Data Pipeline functions with three overarching components:
There are some data use restrictions with the AWS free tier for Data Pipeline use that we need to be aware of: If your AWS account is less than 12 months old, you are eligible to use the free tier. The free tier includes three low-frequency preconditions and five low-frequency activities per month at no charge. For more information, see AWS Free Tier. (source)
Trying to activate a test pipeline in AWS at https://console.aws.amazon.com/datapipeline/home?region=us-east-1#CreatePipelinesPlace:
It seems like a prerequisite for activating the pipeline is getting S3 storage setup in order to define parameters for the pipeline. I think S3 is involved in how output will be stored each time the scheduler runs.
Once we understand the DynamoDB portion better and have a table to work with, there are two pipeline templates for dataflow between DynamoDB and S3.

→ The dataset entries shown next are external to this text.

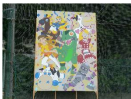
Cブロック：おもちゃ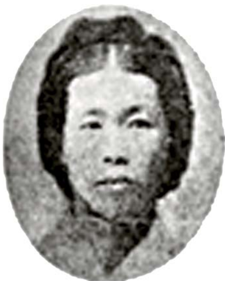
▲ KIM SEJI ROND 1910

De missionaire accenten van de conferentie werden vastgelegd in een Gezamenlijk Appel (zie www.edinburgh2010.org ). Een urgent aspect is de kwestie van machtsrelaties in de zending. Want de idee 'wie betaalt, bepaalt' lijkt nog niet verdwenen en rentmeesters houden zich niet zelden voor eigenaars. De delegatie van de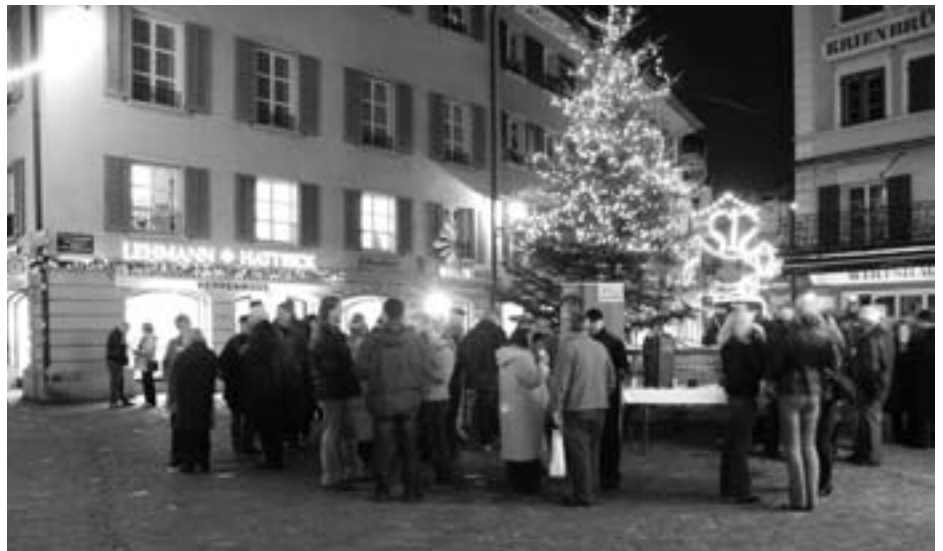
Apéro zur Eröffnung Krippenausstellung

Die Zusammenarbeit des Quartiervereins Kleinstadt mit der Schweizerischen Vereinigung der Krippenfreunde und dem Vkbfs trägt wunderbare Früchte. Glanzlichter dieses einmaligen Kulturgutes sind in den Schaufenstern der Kleinstadt noch bis Ende Monat zu sehen. Gleichzeitig tauchen die Gassen in ein prächtiges Lichtermeer. Seit 1959 bringt die Kronenbeleuchtung vorweihnächtliche Stimmung. Alljährlich beweisen die Geschäfte des Quartiers Kleinstadt, dass gemeinsames Einstehen für eine gute Sache möglich ist. In anderen Quartieren der Innenstadt ist man von solchem Gemeinsinn weit entfernt. Neu sind heuer die drei Kronen in der Rütligasse. Der ALI-Fonds (Fond zur Attraktivierung der Luzerner Innen-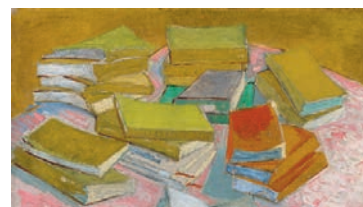
Vincent van Gogh, Piles de romans français , 1887 Huile sur toile, 54,4 x 73,6 cm Van Gogh Museum, Amsterdam (Vincent van Gogh Foundation)

Ce tableau témoigne de l'importance que revêtaient les livres et la lecture pour Vincent. Les ouvrages apparaissent ici tels des signes abstraits aux couleurs vives, flottant au-dessus d'une surface faite de traits roses, peints avec une grande liberté et une vivacité extraordinaire.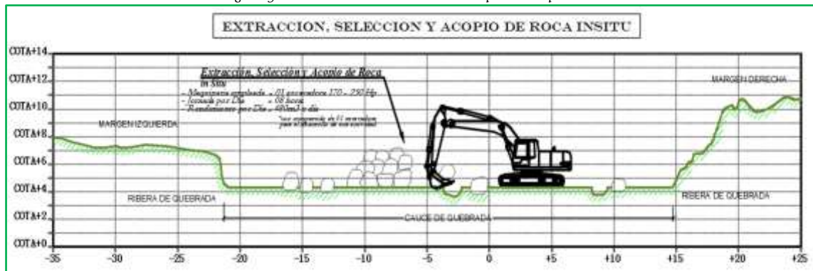
Imagen referencial de la actividad a realizar por la maquinaria.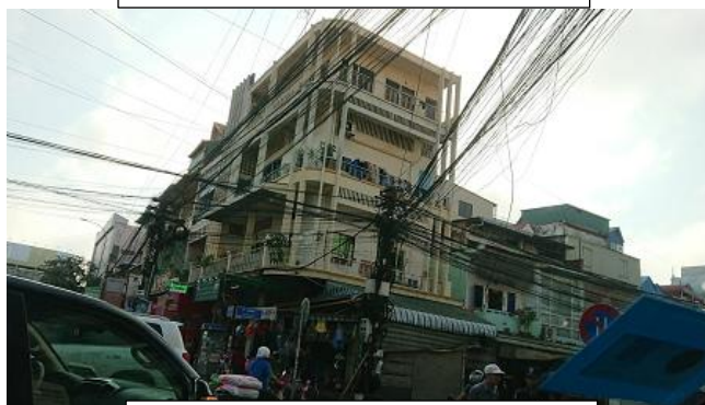
プノンペン市内の電線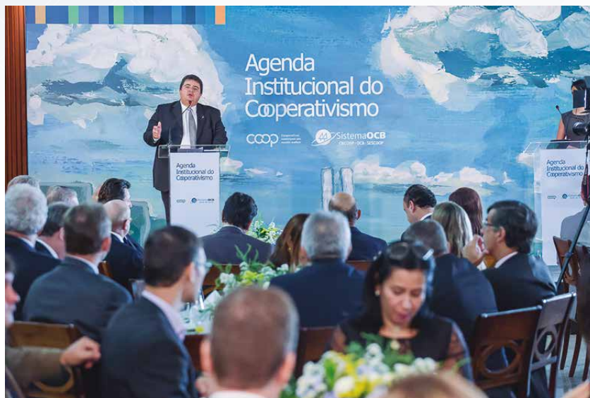
Presidente da OCB, Márcio Lopes de Freitas, diz que cooperativismo não pode ser surpreendido com normativos legais que afetem suas atividades

Na ocasião, o presidente do Sistema OCB, Márcio Lopes de Freitas, relacionou a importância da agenda com o atual momento político e econômico do país e cobrou uma interlocução maior com os Três Poderes. “O setor cooperativista quer ser ouvido durante o processo de elaboração de normativos legais que afetem suas atividades”, reforçou o dirigente, lembrando que as cooperativas têm o compromisso de atuar como ferramentas indutoras de desenvolvimento regional e que, portanto, não podem ser surpreendidas com medidas contrárias ao setor.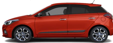
Tomato Red (TTR)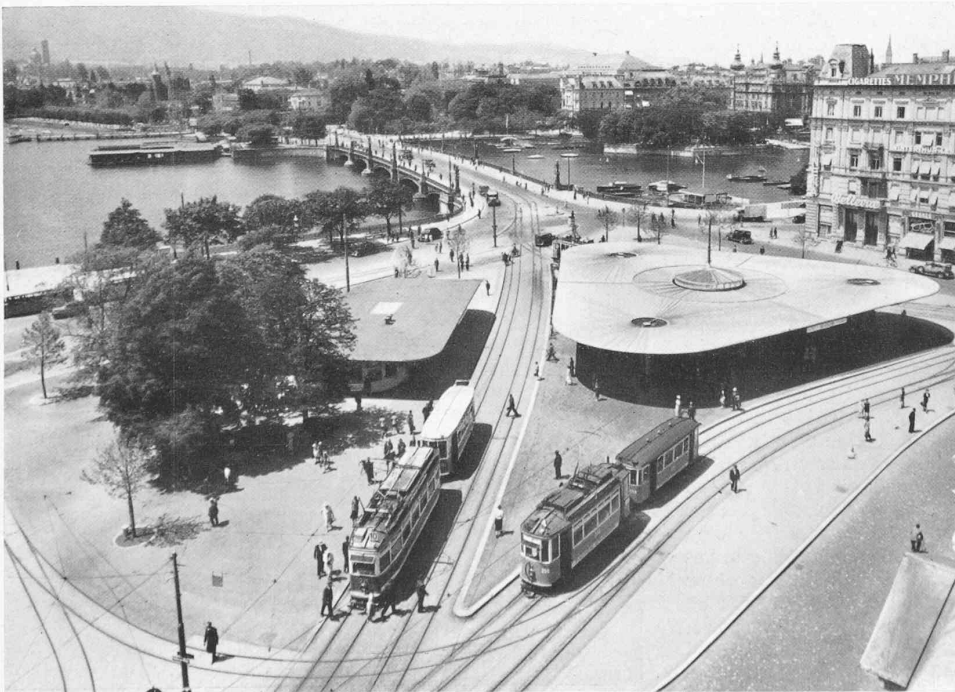
Abb. 2. Gesamtbild des Bellevueplatzes aus Osten (Abb. 2 und 5 bis 12 Phot. Wolgensinger, Zürich)

Auf der Dreiecksinsel, als der eigentlichen Verkehrsinsel unter einem grossen Schutzdach, liegt der Warteraum mit Zugang von der Linie Bahnhof-Seefeld als wichtigster Linie in diesem Ver-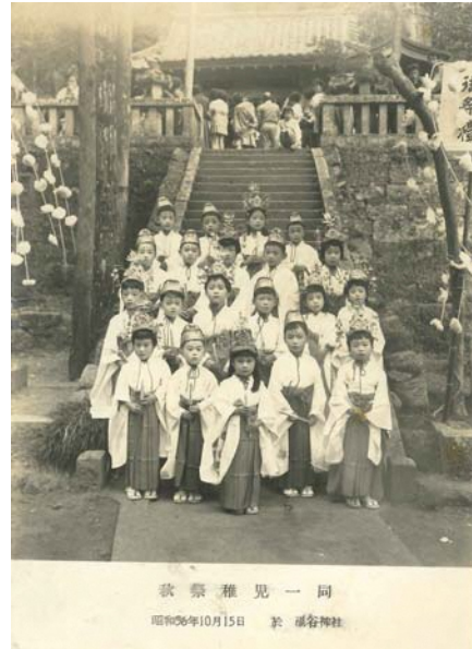
昭和36年の稚児の集合写真

温泉神社の例祭は、良質な温泉の湧出に感謝する祭で、毎年3月末に、伊豆長岡温泉旅館協同組合を実施主体として執り行われている。この例祭には、温泉旅館関係者をはじめ、芸妓衆も参加して祭に華を添えている。また、例祭に前後して湯汲み式と餅撒きが行われる。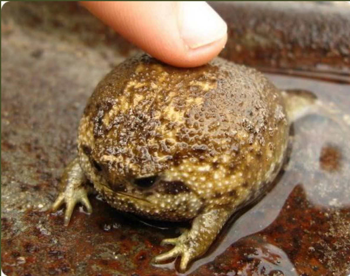
Угрюмая лягушка или африканский узкорот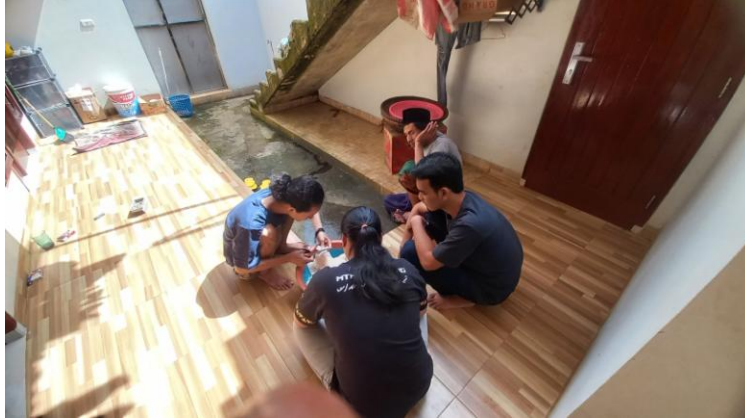
Gambar 4. Berdiskusi dengan Pemilik UMKM

Berdiskusi bagaimana strategi pemilik UMKM agar bisa mempercepat pemulihan penjualan kopi Dano. Kegiatan ini dilakukan pada Rabu, 9 Februari 2022 dapat dilihat pada Gambar 4.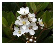
シャリンバイ (バラ科) Rhapsiolepis umbellata 花期：晩春～初夏 常緑 白いウメに似た花が咲き、 芳香がある。 耐潮性に優れ、海岸植栽に 適する。樹形は横広がり。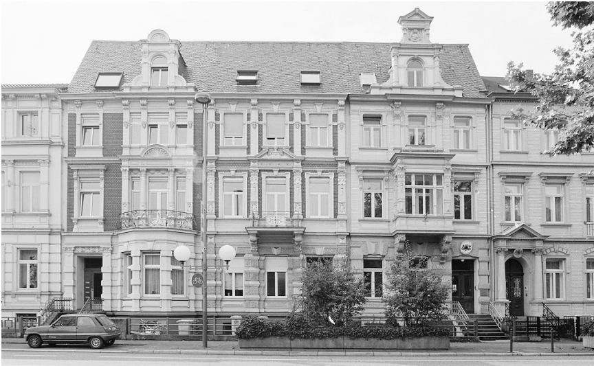
Ehemalige Kanzlei der Botschaft der Republik Lettland in Bonn, Adenauerallee 110-114 (1999)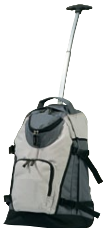
Rucksack-Trolley in grau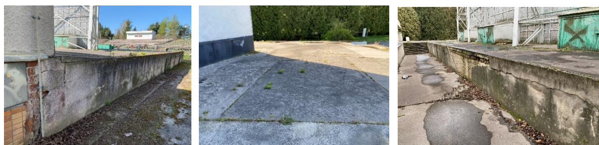
Poškodenie konštrukcie javiska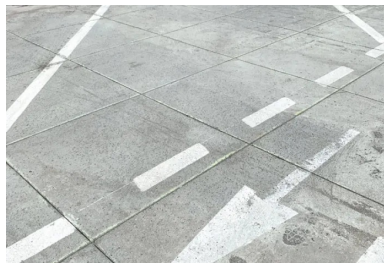
Le calepinage des sciages a été réalisé selon un quadrillage de 1,20 x 1,20 m. Total : 2 100 mètres linéaires.

« Nous devons absolument obtenir une résistance mécanique en compression de 25 MPa à 48 heures. Elle avait été demandée par le maître d'ouvrage pour des impératifs de remise en service des aires de stationnement PL. Cela a bien été le cas. Nous étions même au-delà ! » se félicite Aurélien Fresneau.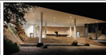
2 & 3泊目：ヘリタンス・カンダラマ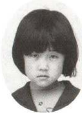
まるや ゆかりちゃん おかあさん、りょうりがじょうずなの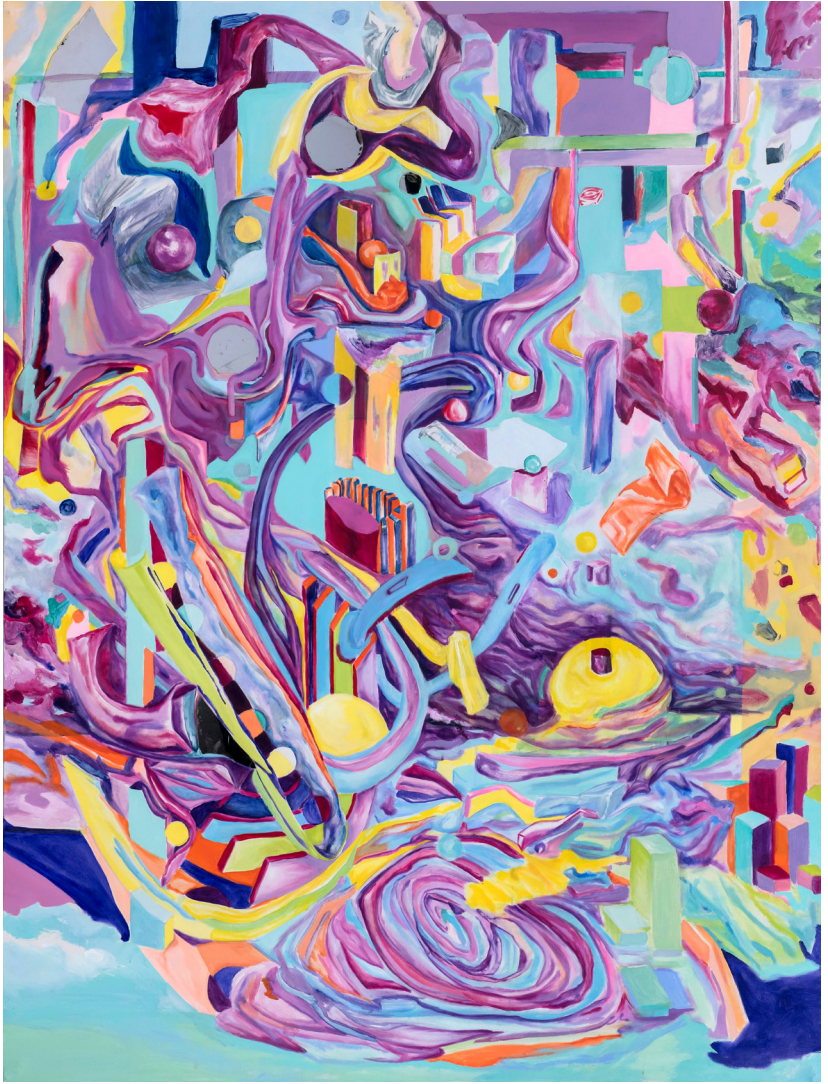
Dream / Eddy , 2020 Tuval üzerine yağlı boya | Oil on canvas 200 x 150 cm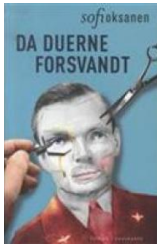
(/boeger/da-duerne-forsvandt) DA DUERNE FORSVANDT (/BOEGER/DA- DUERNE-FORSVANDT) Af Sofi Oksanen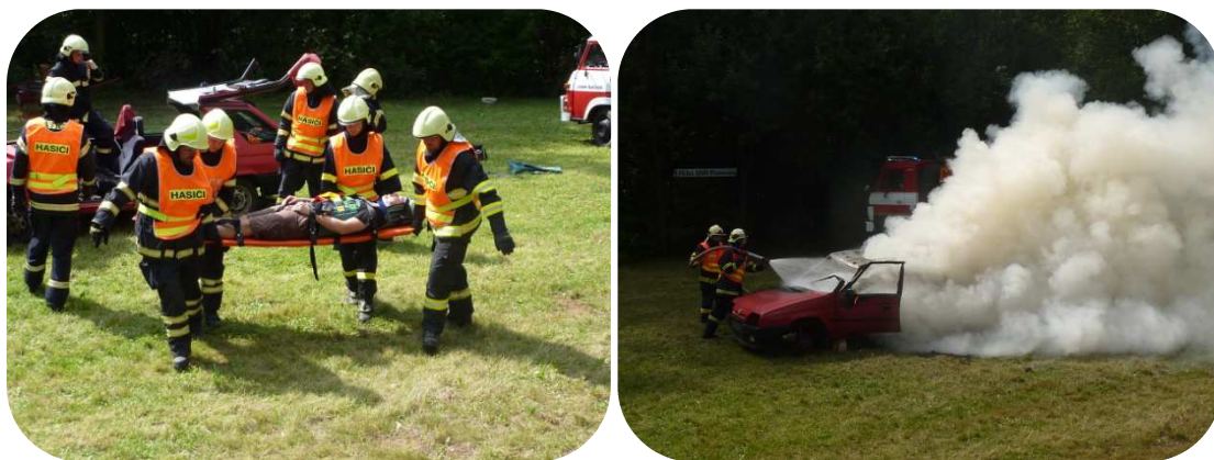
Vyproštění osoby z automobilu

Předvedlo se několik ukázek činnosti hasičů, a to vystoupení naší mládeže, která předvedla požární útok. Dále pak JSDH Račice předvedla vyproštění osoby z osobního automobilu a následně po zapálení připraveného vraku auta jednotka z Drnovic předvedla hašení vozu. Poté přišla na řadu ukázka staré stříkačky, tzv. hydroforu, u které jsme prověřili nejen její funkčnost, ale i naši zdatnost. I po více než 110 letech je pořád funkční a „připravena na zásah 😊“.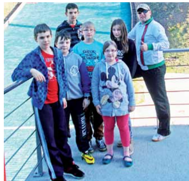
Szachiści z Nieborowa pod skocznia w Wiśle.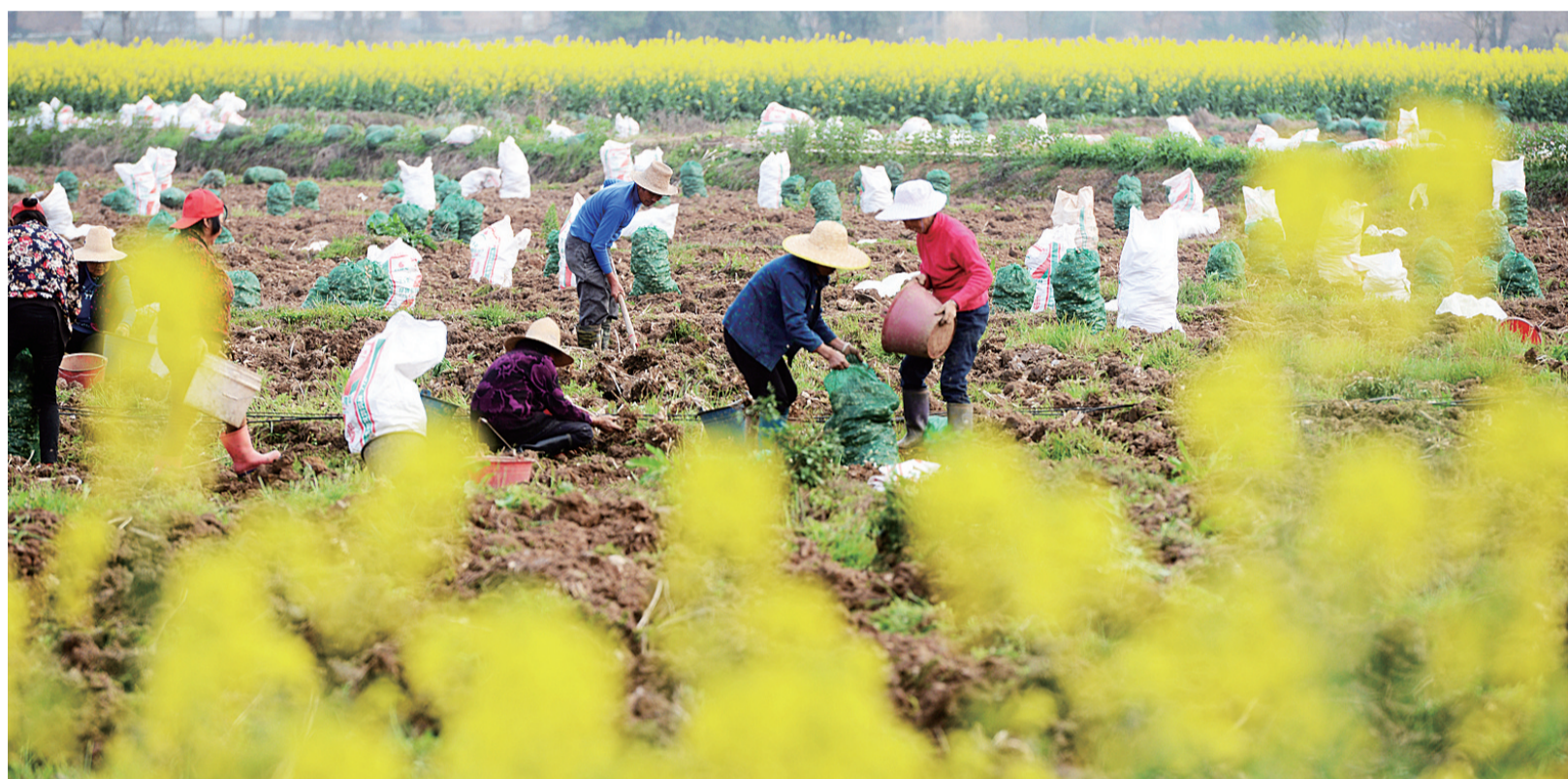
春回大地,生机勃勃,在广袤肥沃的土地上,劳作春耕忙碌的身影越来越多!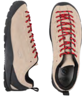
Keen Sneaker 1.000 kr.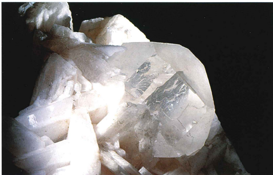
Abb. 8: Fluorit, Baryt , Grube „Hühn“ b. Trusetal, Inv.-Nr. 01/6, Ausschnitt 6 x 6 cm

Need to create results backend for my Celery process, for the tutorial I'm doing so with Redis and using RabbitMQ as the broker, but we will ultimately be using Django as the backend.
import tweepy
consumer_key = 'vdfRaONJbNQcWK5nqzUt34jIu'
consumer_secret = ''
access_token = '1012402072052957185-Txm1yLugHsMiTxTDMuaLUYY7kF7nLL'
access_token_secret = 'TxxT2ZNiT8JY58bUcMlHAzmNjSZjrEunqLFRxkajEE7i7'
app = Celery('tasks', backend='rpc://', broker='pyamqp://guest@localhost//')
@app.task
def tweets(keyword):
searched_tweets = api.search(q=keyword, rpp=100, count=1000)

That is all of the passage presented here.